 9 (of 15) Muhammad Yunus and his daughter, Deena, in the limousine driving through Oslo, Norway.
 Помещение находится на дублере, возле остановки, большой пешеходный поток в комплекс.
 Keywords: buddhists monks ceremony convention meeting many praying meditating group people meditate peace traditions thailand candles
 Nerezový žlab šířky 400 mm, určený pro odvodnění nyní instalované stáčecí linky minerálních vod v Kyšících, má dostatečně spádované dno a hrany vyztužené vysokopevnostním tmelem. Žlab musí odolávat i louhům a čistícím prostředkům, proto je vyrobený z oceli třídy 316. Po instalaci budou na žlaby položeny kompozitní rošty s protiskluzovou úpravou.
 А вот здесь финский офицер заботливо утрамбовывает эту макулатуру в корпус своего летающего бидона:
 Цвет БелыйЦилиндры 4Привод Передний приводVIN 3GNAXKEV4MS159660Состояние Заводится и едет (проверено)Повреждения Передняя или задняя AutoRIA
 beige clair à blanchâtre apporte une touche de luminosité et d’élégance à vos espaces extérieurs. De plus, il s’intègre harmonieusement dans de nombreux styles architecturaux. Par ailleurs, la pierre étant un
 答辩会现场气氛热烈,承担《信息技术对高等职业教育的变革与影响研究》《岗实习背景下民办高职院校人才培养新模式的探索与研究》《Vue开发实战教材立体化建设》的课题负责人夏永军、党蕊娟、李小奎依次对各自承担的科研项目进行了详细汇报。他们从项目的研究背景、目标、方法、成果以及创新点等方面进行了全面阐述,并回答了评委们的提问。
* * *
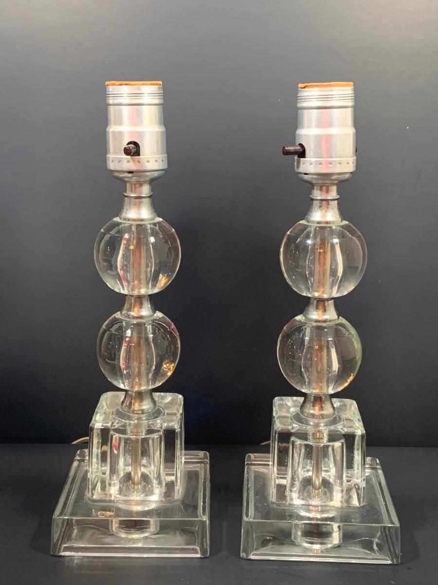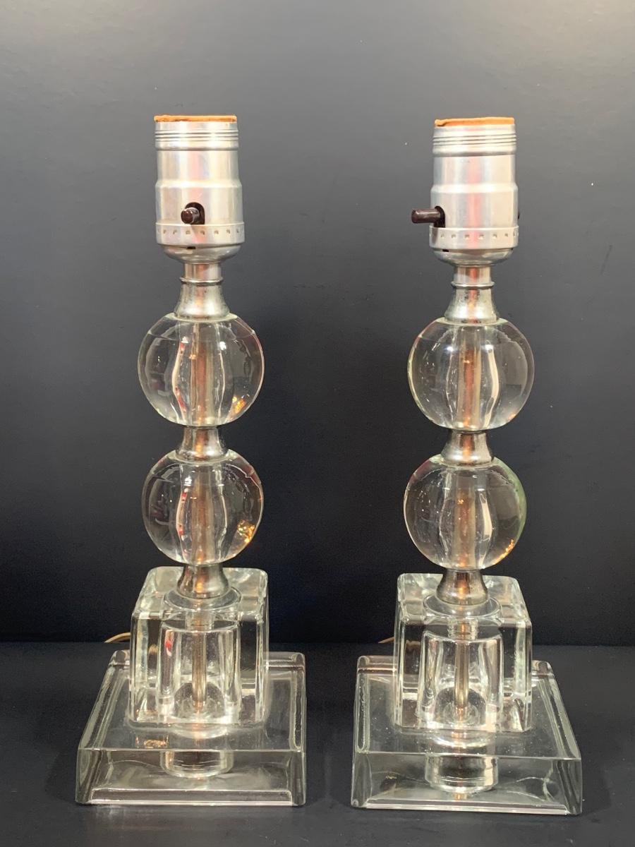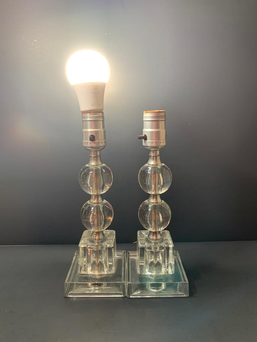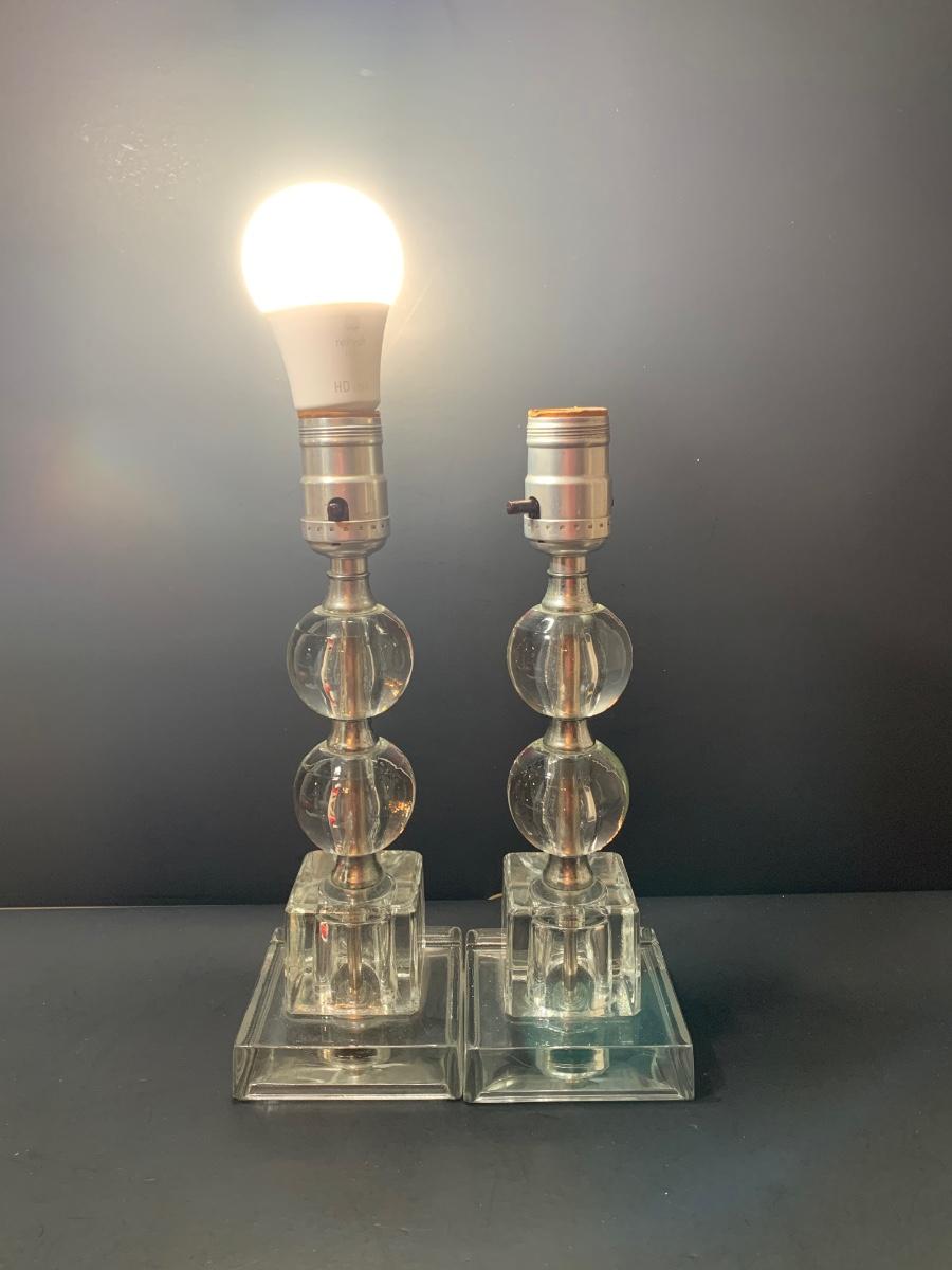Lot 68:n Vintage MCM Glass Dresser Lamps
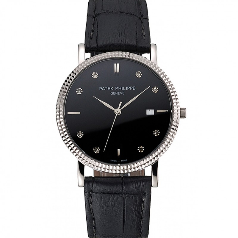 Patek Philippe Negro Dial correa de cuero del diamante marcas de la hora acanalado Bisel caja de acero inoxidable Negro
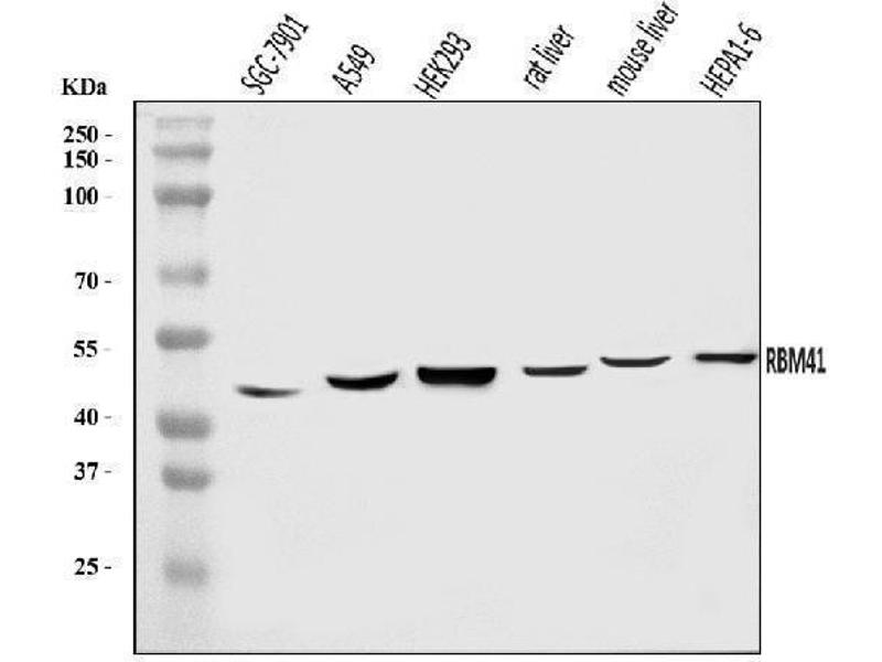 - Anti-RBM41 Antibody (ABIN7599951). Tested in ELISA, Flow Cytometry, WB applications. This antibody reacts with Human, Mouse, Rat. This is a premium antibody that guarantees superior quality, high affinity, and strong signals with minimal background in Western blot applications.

Problem description:
Write out exactly the lines above between the line with "А вот здесь" and the line with "答辩会现场气氛热烈,承担《信", inclusive, and nothing beyond them.

Exercise result:
 А вот здесь финский офицер заботливо утрамбовывает эту макулатуру в корпус своего летающего бидона:
 Цвет БелыйЦилиндры 4Привод Передний приводVIN 3GNAXKEV4MS159660Состояние Заводится и едет (проверено)Повреждения Передняя или задняя AutoRIA
 beige clair à blanchâtre apporte une touche de luminosité et d’élégance à vos espaces extérieurs. De plus, il s’intègre harmonieusement dans de nombreux styles architecturaux. Par ailleurs, la pierre étant un
 答辩会现场气氛热烈,承担《信息技术对高等职业教育的变革与影响研究》《岗实习背景下民办高职院校人才培养新模式的探索与研究》《Vue开发实战教材立体化建设》的课题负责人夏永军、党蕊娟、李小奎依次对各自承担的科研项目进行了详细汇报。他们从项目的研究背景、目标、方法、成果以及创新点等方面进行了全面阐述,并回答了评委们的提问。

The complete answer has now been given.